DATABASE MANAGEMENT SYSTEM

LOG BASED RECOVERY

Log-based recovery is a critical mechanism in a Database Management System (DBMS) to ensure data integrity and consistency in the event of failures.

           To ensure atomicity, modifications made by an aborted transaction should not be visible in the database, while those made by a committed transaction should be. To achieve this, the user must first write stable storage information detailing the modifications, without directly altering the database.

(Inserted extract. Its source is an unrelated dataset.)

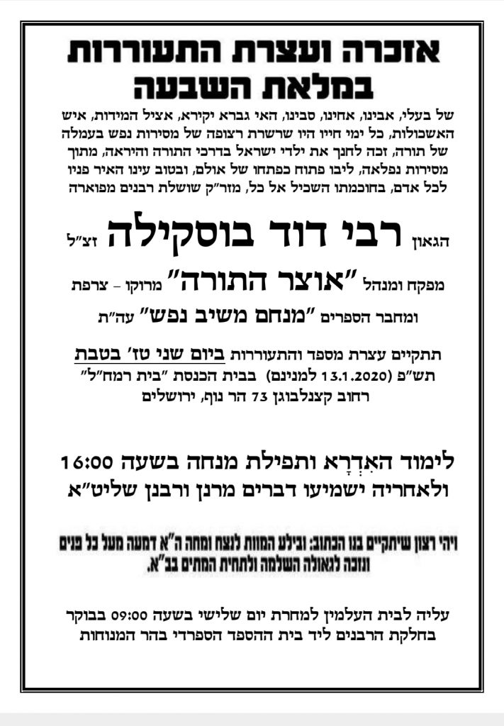 המונים ובראשם גדולי תורה רבנים וקהל רב ליוו למנוחות תחת גשמי ברכה את הרב הגאון רבי דוד בוסקילה זצ"ל מנהל ומפקח מוסדות "אוצר התורה" במרוקו ובצרפת שנסתלק ביסורין קשים כשהוא בן פט' שנים.

This information will help ensure that all changes made by committed transactions are accurately reflected in the database.

  1. Transaction Log:

Every operation performed on the database is recorded in the log. Before making any modifications to the database, an updated log record is created to document the change. An update log record, represented as <Ti, Xj, V1, V2>, includes the following fields:

  • Transaction identifier: A unique identifier for the transaction that performed the write operation.
  • Data item: A unique identifier for the data item being written.
  • Old value: The value of the data item before the write operation.
  • New value: The value of the data item after the write operation.

Two main types of logs:

  • Redo Log (Forward Log): Contains information needed to redo changes made by a transaction.
  • Undo Log (Backward Log): Contains information needed to undo changes made by a transaction.
  1. Write-Ahead Logging (WAL):

This rule ensures that all modifications are logged before they are applied to the database. Specifically, it requires that:

  • Before a transaction’s changes are written to the database, the corresponding log records must be written to the log.
  • Before a transaction is considered committed, its log records must be written to a stable storage.
  1. Checkpointing:

Periodic snapshots of the database state, which help reduce the amount of log data that must be processed during recovery. During recovery, the system only needs to consider transactions that were active at the time of the last checkpoint.

Types of Log-Based Recovery

  1. Deferred Update (No-Undo/Redo) Protocol:

In this method, updates are not applied to the database until the transaction reaches its commit point.

The log must contain a record of all changes so that, in the event of a failure, the changes can be redone from the log.

  1. Immediate Update (Undo/Redo) Protocol:

Updates are applied to the database as soon as they are made, but the changes are also logged so they can be undone if necessary.

Both redo and undo information is maintained in the log. This approach allows for more immediate reflection of changes but requires more sophisticated logging and recovery mechanisms.

Recovery Procedure

  1. Analysis Phase:

Determine the state of the transactions at the time of failure. Identify which transactions were committed, which were in progress, and which were aborted.

  1. Redo Phase:

Replay the logged operations for all committed transactions to ensure that all their changes are reflected in the database.

The redo operation starts from the last checkpoint and applies all the redo log entries to the database.

  1. Undo Phase:

Reverse the changes of all transactions that were active at the time of the failure but did not commit.

The undo operation involves reading the undo log entries and restoring the database to the state before those transactions began.

Example

Consider a transaction T1 that modifies a data item X from value 10 to 20. The log entries might look like this:

  • start_transaction T1
  • write_item T1, X, old_value: 10, new_value: 20
  • commit T1

In the event of a failure, the recovery process would:

  • Analyze the log to identify that T1 was committed.
  • Redo the change to ensure that X = 20 is applied to the database, since T1 committed.
  • No undo is necessary for committed transactions, but if there were any uncommitted transactions at the time of failure, their changes would be undone.

Advantages of Log-Based Recovery

  • Data Integrity: Ensures that the database can be restored to a consistent state even after failures.
  • Efficiency: Reduces the amount of work needed for recovery by focusing on changes since the last checkpoint.
  • Concurrency: Allows for multiple transactions to be processed concurrently while maintaining data consistency.